Roystonea regia is most abundant in Cuba, where is occurs on hillsides and valleys. In southern Florida, Roystonea regia occurs in strand swamps and hardwood hammocks. Royal Palm State Park in the Everglades was established due to the high concentration of the species.

Roystonea is cultivated in tropical and subtropical climates in the United States, Australia, Brazil, and parts of southern Asia as a landscape palm. It appears to naturalise with ease, and extensive naturalised populations are present in Panama, Costa Rica, and Guyana. In the United States it grows mostly in central and southern Florida, Hawaii, Puerto Rico, and in South Texas in the Rio Grande Valley and southern California.

==Ecology==
The leaves of Roystonea regia are used as roosting sites by Eumops floridanus, the Florida bonneted bat, and is used as a retreat for Cuban tree frogs (Osteopilus septentriolalis), a non-native species in Florida. In Panama (where R. regia is introduced), its trunks are used as nesting sites by yellow-crowned parrots (Amazona ochrocephala panamensis). The flowers of R. regia are visited by pollen-collecting bees and are considered a good source of nectar. Its pollen was also found in the stomachs of Phyllonycteris poeyi, the Cuban flower bat (a pollen-feeder) and Monophyllus redmani, Leach's single leaf bat (a nectar-feeder).
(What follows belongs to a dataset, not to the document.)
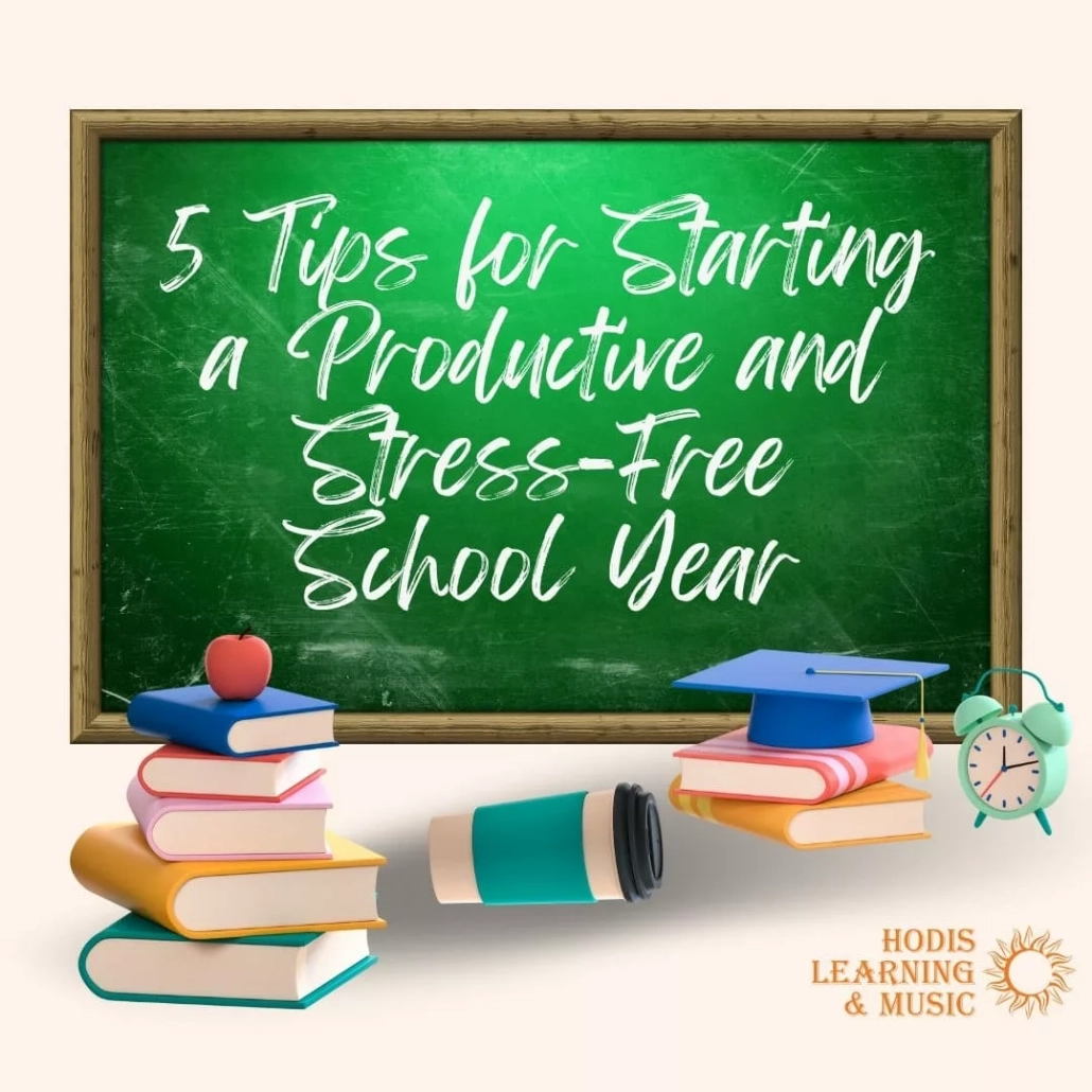 5 Tips for Starting a Productive and Stress-Free School Year. Image shows a chalk board with the blog post's name on it. Books, school supplies, an apple, and a graduation cap can be seen in the photo, along with Hodis Learning & Music's logo.

Artibeus jamaicensis, the Jamaican fruit bat, and Myiozetetes similis, the social flycatcher, feed on the fruit.

Roystonea regia is the host plant for the royal palm bug, Xylastodoris luteolus, in Florida. It also serves as a larval host plant for the butterflies Pyrrhocalles antiqua orientis and Asbolis capucinus in Cuba, and Brassolis astyra and B. sophorae in Brazil. It is susceptible to bud rot caused by the oomycete Phytophthora palmivora and by the fungus Thielaviopsis paradoxa.

The species is considered an invasive species in secondary forest in Panama.

==Uses==
Roystonea regia has been planted throughout the tropics and subtropics as an ornamental. The seed is used as a source of oil and for livestock feed. Leaves are used for thatching and the wood for construction. The roots are used as a diuretic, and for that reason they are added to tifey, a Haitian drink, by Cubans of Haitian origin. They are also used as a treatment for diabetes.

Fibres extracted from the leaf sheath of R. regia have been found to be comparable with sisal and banana fibres, but lower in density, making it a potentially useful source for the use in lightweight composite materials. An extract from R. regia fruit known as D-004 reduces benign prostate hyperplasia (BPH) in rodents. D-004, is a mixture of fatty acids, is being studied as a potential alternative to finasteride for the treatment of BPH.

===Religious significance===
Roystonea regia plays an important role in popular religion in Cuba. In Santería it is associated primarily with Shango or with his father Aggayú. It also has symbolic importance in the Palo faiths and the Abakuá fraternity. In Roman Catholicism, R. regia plays an important role in Palm Sunday observances.